:: RECORDS TO USE
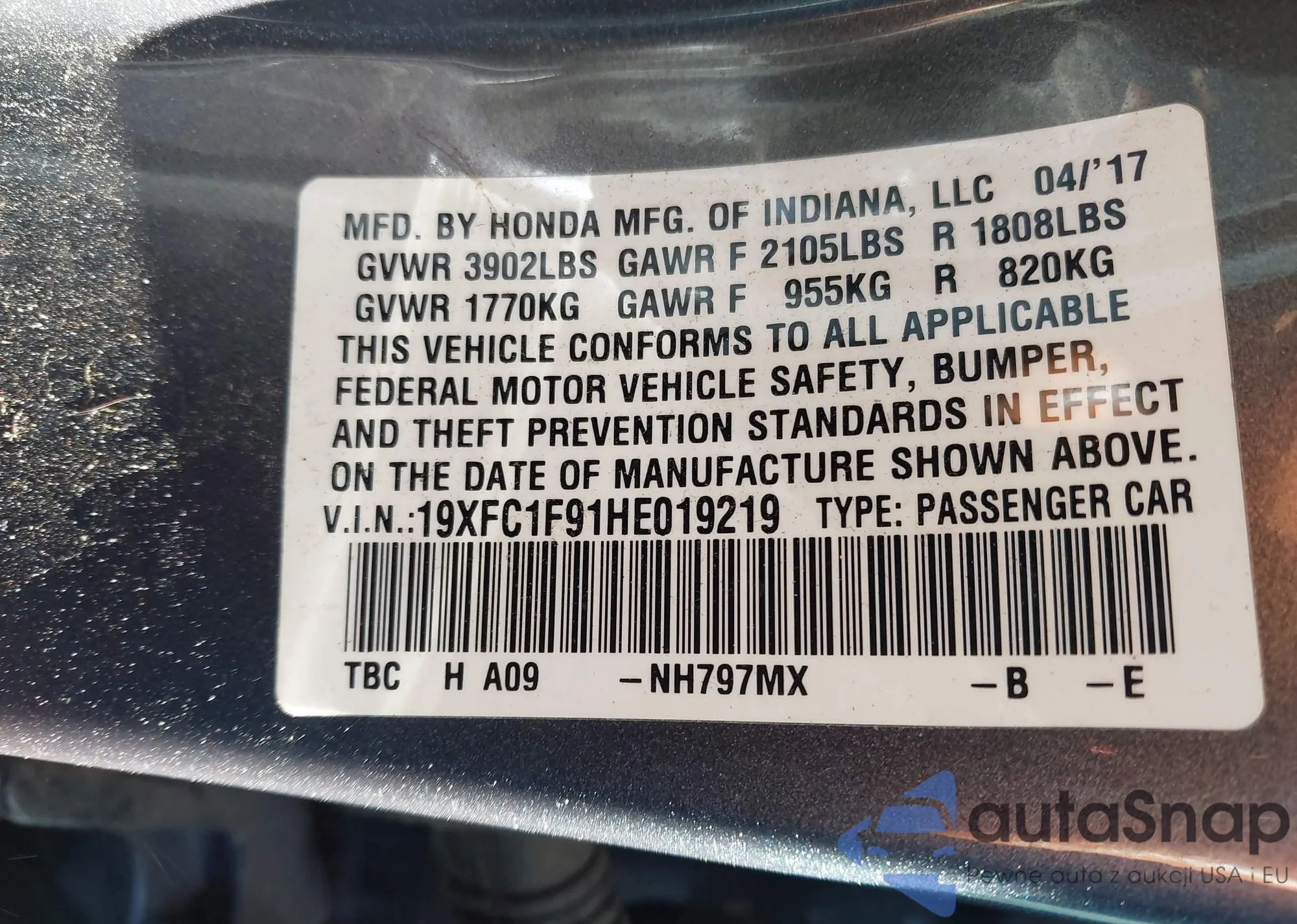 • VIN 19XFC1F91HE019219
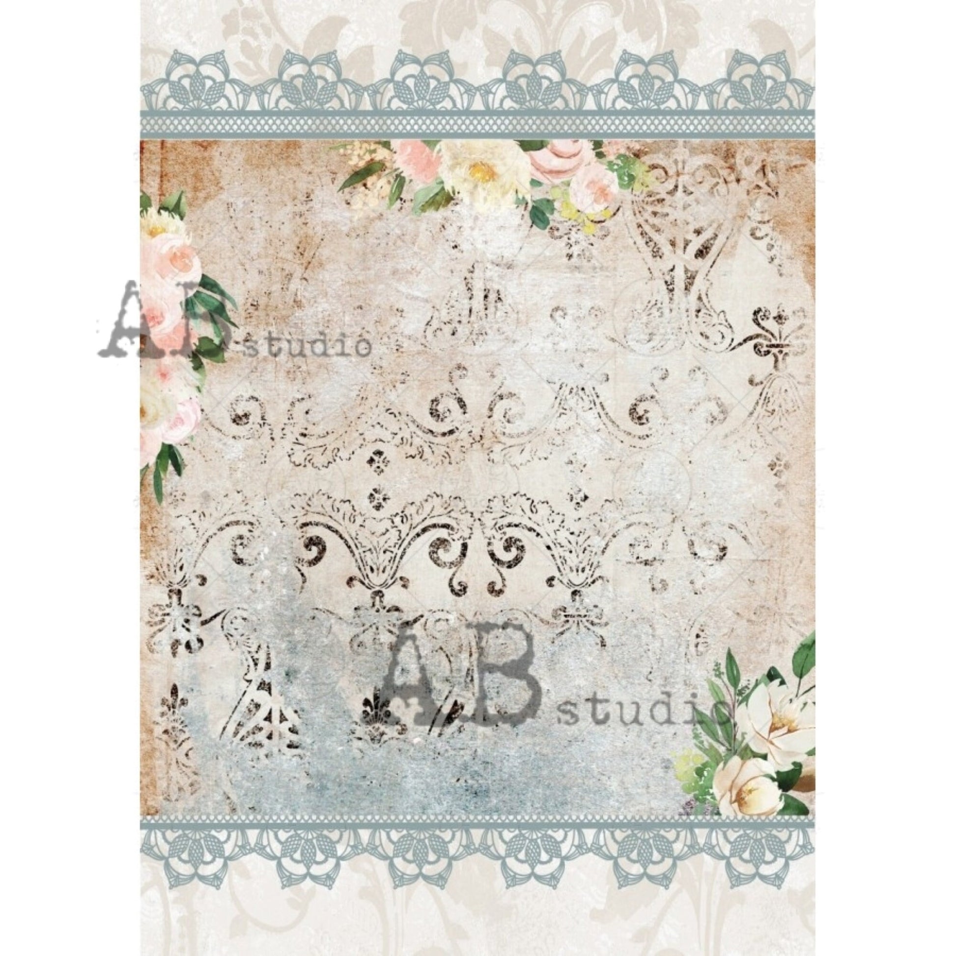 AB Studio, Rice Paper for Decoupage, Romantic Rice Paper, Vintage Style, Shabby Chic, Lace, Roses, Wallpaper, 1821, A4 - 8.27 X 11.69
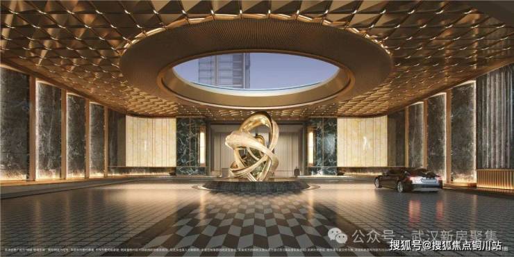 🔹项目打造东、南、西三个社区入口界面,东侧利用沿街景墙连同80m+的山水归家超级界面,入口大面积金属吊顶采取“万字曲水纹”图案,体验城市收藏级归家入口。西侧约60米社区大门为业主归家车行主入口,一线对望湖滨,以伴水归家水境营造奢华游园之旅。南侧大门为别墅洋房区人行入口,取意苏州园林借景手法,营造中轴主景观节点,出入可直接眺望南湖。
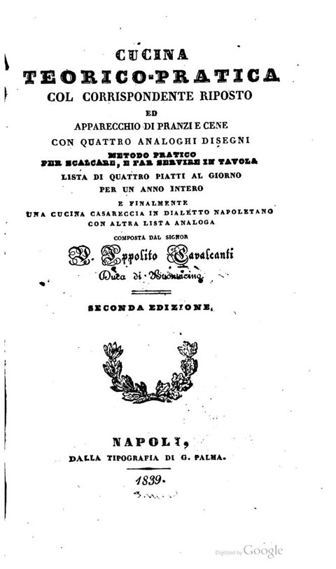The Italian cookbook, "Cucina Teorico-Pratica col corrispondente riposto ed apparecchio di pranzi e cene con quattro analoghi disegni," compiled by Ippolito Cavalcanti and published in Naples by Di G. Palma in 1839 is beautifully put together. Cavalcanti generally provides precise measurements and easy to read directions on how to make the dishes. He also devotes an entire section of the book to recipes specific to Naples, using the local dialect. Why this book is not well-known is a mystery. The book is available for free at www.archive.org....... The following notes are taken from Italian Wikipedia (Machine google translation). BIOGRAPHY: "Ippolito Cavalcanti, Duke of Buonvicino (Afragola , 2 September 1787 - Naples, 5 March 1859 ) was a cook and Italian writer. Descended from an ancient family noble line from which the most famous poet Guido Cavalcanti , a friend of Dante. The family in 1311 he left Tuscany to move to Calabria, where in 1331 Joan I appointed viceroy one of Cavalcanti. In 1795 the family received the title of Duke of Buonvicino . WORKS: His [Ippolito Cavalcanti] treatise Kitchen theoretical practice, published for the first time in Naples in 1837 to which he adds, in the second edition of 1839, the appendix Cusina casarinola in the Neapolitan language, presents numerous recipes of the time, from different social classes. The book had, from 1837 to 1865 nine editions, quite different from each other as they were constantly being expanded by the author. The theoretical and practical kitchen is a compendium of traditional Neapolitan cuisine, some of the recipes are inspired by the French, as the kitchen side of the Alps at the time was very present on the tables of the aristocracy or the upper middle class, the appendix us back instead style cooking in use at the time to the people. The compendium in dialect is of considerable importance from the point of view of history, as they are described in some of the recipes in the most common modern Italian cuisine. There is, for example, the first description of a pasta (vermicelli) topped with tomato. There are many other recipes in these works, and some of them are clearly recognizable traits of what is the modern Neapolitan cuisine, especially Italian and, in general. The following non-exhaustive list: Eggplant Parmigiana, Fried Pizza,Vermicelli with Clams and Vermicelli with Tomato,
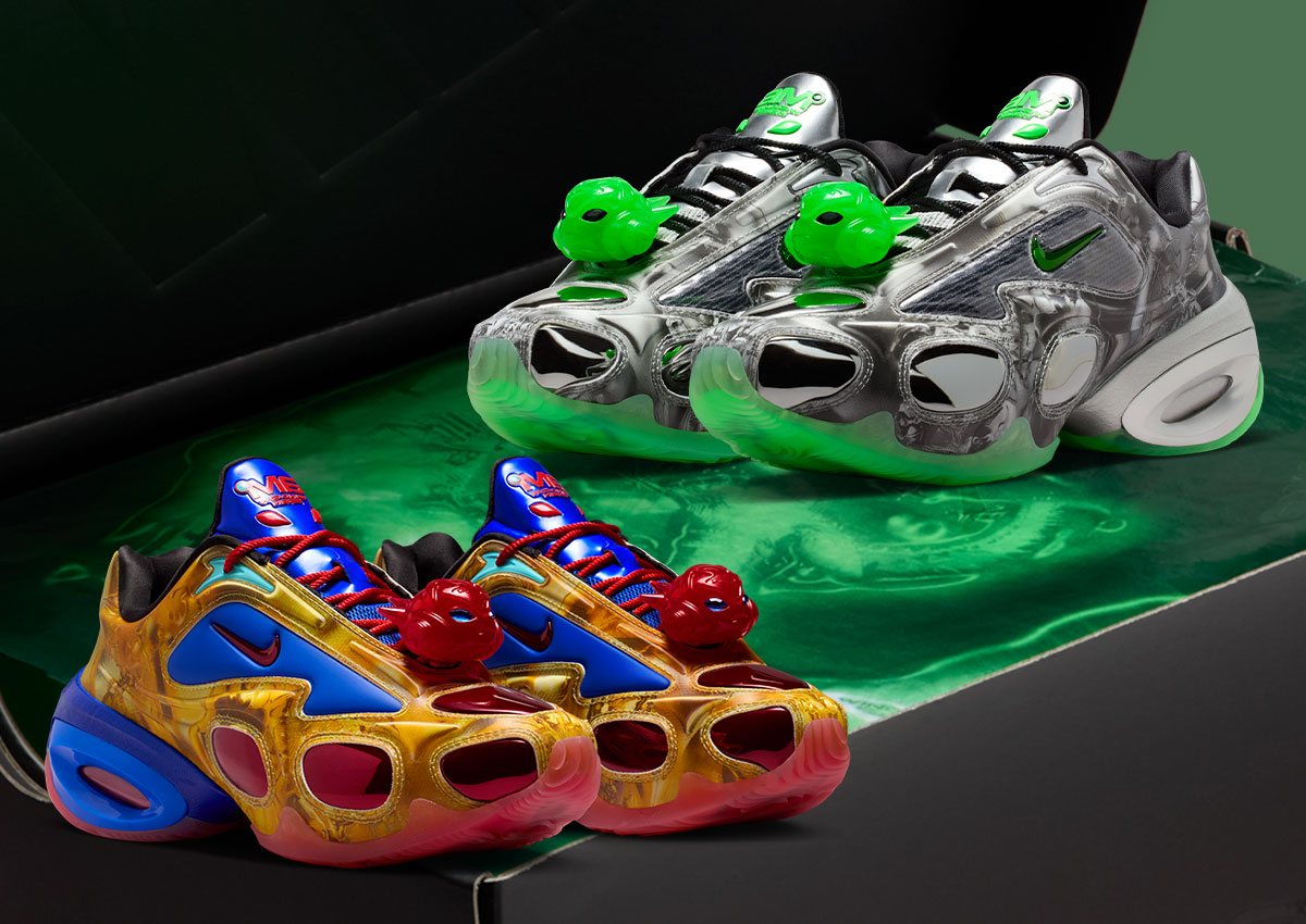 The the pairs drop in “Metallic Silver/Anthracite/Black/Rage Green” and “Metallic Gold/Clearwater/Racer Blue/Chile Red.” Both colorways boast a lenticular upper that appears to ripple and shift when viewed from different angles, evoking the kinetic frenzy of a night at the underground club.
::::
§ ASSIGNED TASK
Since the pictures are not wanted, give the material again exactly without them.

§ TASK SOLUTION
 • VIN 19XFC1F91HE019219
 AB Studio, Rice Paper for Decoupage, Romantic Rice Paper, Vintage Style, Shabby Chic, Lace, Roses, Wallpaper, 1821, A4 - 8.27 X 11.69
 🔹项目打造东、南、西三个社区入口界面,东侧利用沿街景墙连同80m+的山水归家超级界面,入口大面积金属吊顶采取“万字曲水纹”图案,体验城市收藏级归家入口。西侧约60米社区大门为业主归家车行主入口,一线对望湖滨,以伴水归家水境营造奢华游园之旅。南侧大门为别墅洋房区人行入口,取意苏州园林借景手法,营造中轴主景观节点,出入可直接眺望南湖。
The Italian cookbook, "Cucina Teorico-Pratica col corrispondente riposto ed apparecchio di pranzi e cene con quattro analoghi disegni," compiled by Ippolito Cavalcanti and published in Naples by Di G. Palma in 1839 is beautifully put together. Cavalcanti generally provides precise measurements and easy to read directions on how to make the dishes. He also devotes an entire section of the book to recipes specific to Naples, using the local dialect. Why this book is not well-known is a mystery. The book is available for free at www.archive.org....... The following notes are taken from Italian Wikipedia (Machine google translation). BIOGRAPHY: "Ippolito Cavalcanti, Duke of Buonvicino (Afragola , 2 September 1787 - Naples, 5 March 1859 ) was a cook and Italian writer. Descended from an ancient family noble line from which the most famous poet Guido Cavalcanti , a friend of Dante. The family in 1311 he left Tuscany to move to Calabria, where in 1331 Joan I appointed viceroy one of Cavalcanti. In 1795 the family received the title of Duke of Buonvicino . WORKS: His [Ippolito Cavalcanti] treatise Kitchen theoretical practice, published for the first time in Naples in 1837 to which he adds, in the second edition of 1839, the appendix Cusina casarinola in the Neapolitan language, presents numerous recipes of the time, from different social classes. The book had, from 1837 to 1865 nine editions, quite different from each other as they were constantly being expanded by the author. The theoretical and practical kitchen is a compendium of traditional Neapolitan cuisine, some of the recipes are inspired by the French, as the kitchen side of the Alps at the time was very present on the tables of the aristocracy or the upper middle class, the appendix us back instead style cooking in use at the time to the people. The compendium in dialect is of considerable importance from the point of view of history, as they are described in some of the recipes in the most common modern Italian cuisine. There is, for example, the first description of a pasta (vermicelli) topped with tomato. There are many other recipes in these works, and some of them are clearly recognizable traits of what is the modern Neapolitan cuisine, especially Italian and, in general. The following non-exhaustive list: Eggplant Parmigiana, Fried Pizza,Vermicelli with Clams and Vermicelli with Tomato,
 The the pairs drop in “Metallic Silver/Anthracite/Black/Rage Green” and “Metallic Gold/Clearwater/Racer Blue/Chile Red.” Both colorways boast a lenticular upper that appears to ripple and shift when viewed from different angles, evoking the kinetic frenzy of a night at the underground club.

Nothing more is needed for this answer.